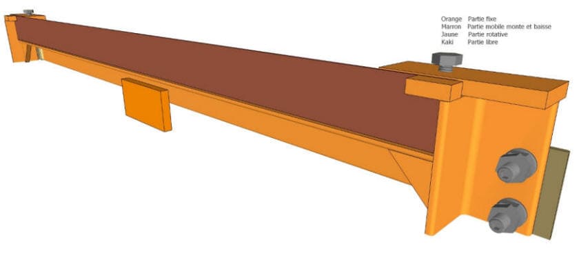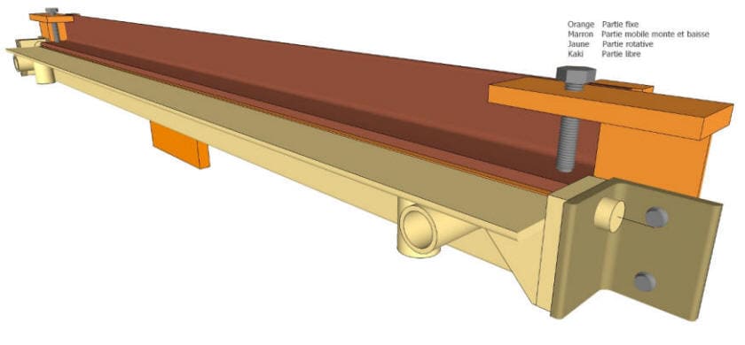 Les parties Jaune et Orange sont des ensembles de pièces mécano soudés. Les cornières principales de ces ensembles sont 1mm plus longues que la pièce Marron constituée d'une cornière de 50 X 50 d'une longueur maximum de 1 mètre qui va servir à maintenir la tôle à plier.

•••

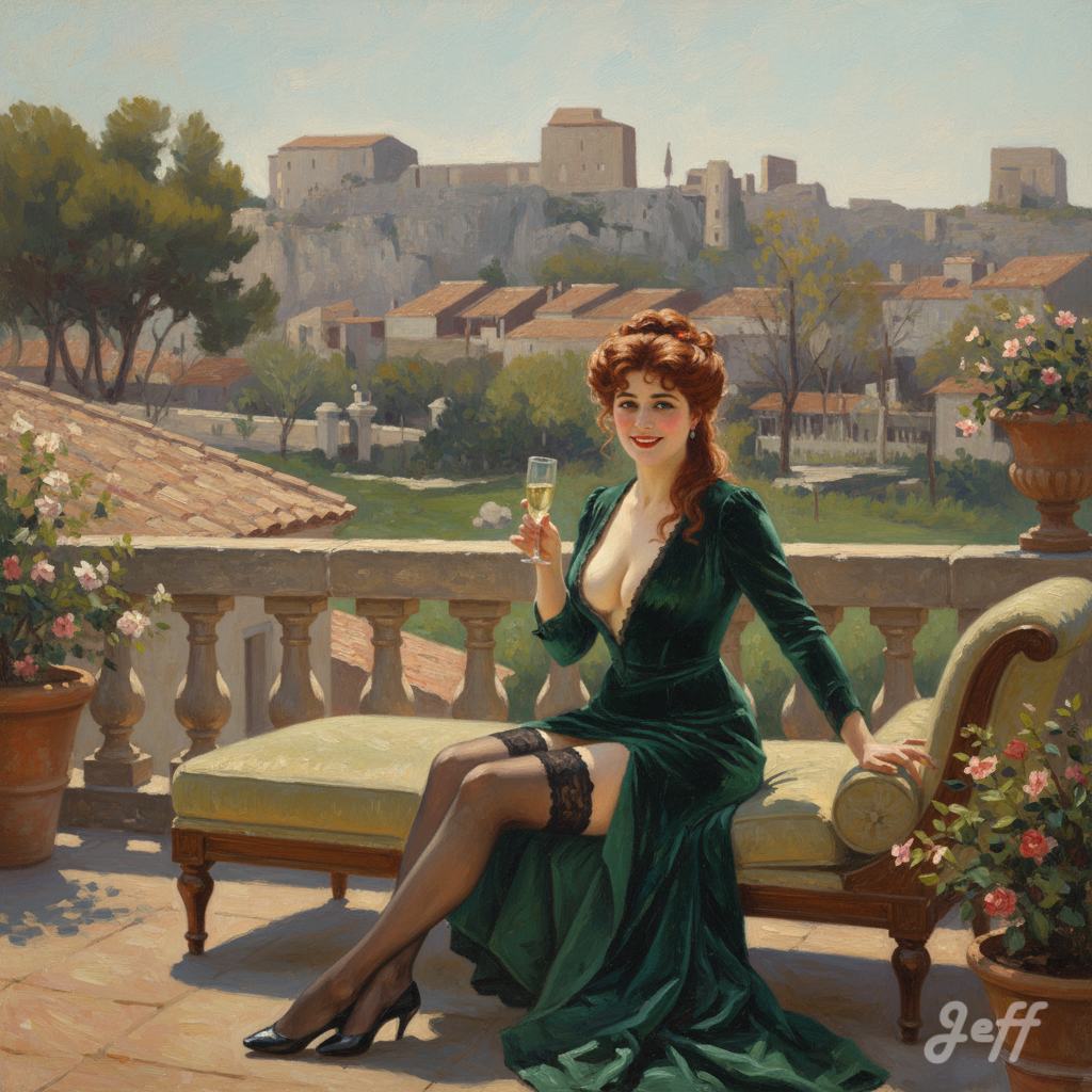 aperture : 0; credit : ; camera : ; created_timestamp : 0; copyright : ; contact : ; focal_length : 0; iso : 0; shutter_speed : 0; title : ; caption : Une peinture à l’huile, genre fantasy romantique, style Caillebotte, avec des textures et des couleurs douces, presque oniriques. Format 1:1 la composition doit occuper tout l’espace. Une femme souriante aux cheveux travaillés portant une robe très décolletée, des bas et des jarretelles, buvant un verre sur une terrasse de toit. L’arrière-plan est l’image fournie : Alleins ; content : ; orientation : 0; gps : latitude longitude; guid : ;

•••

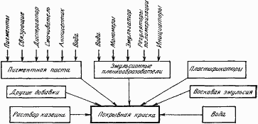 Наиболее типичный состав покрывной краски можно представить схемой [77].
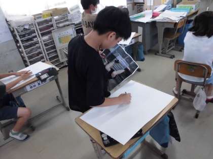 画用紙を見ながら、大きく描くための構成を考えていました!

•••

• **TASK BRIEF**: Using the data above, print only the lines starting at the one with "Наиболее типичный состав" and ending at the one with "画用紙を見ながら、大きく描くための構成を考えていました!", exactly as they stand, minus the pictures.

• **RESPONSE TO THE EXERCISE**:
 Наиболее типичный состав покрывной краски можно представить схемой [77].
 画用紙を見ながら、大きく描くための構成を考えていました!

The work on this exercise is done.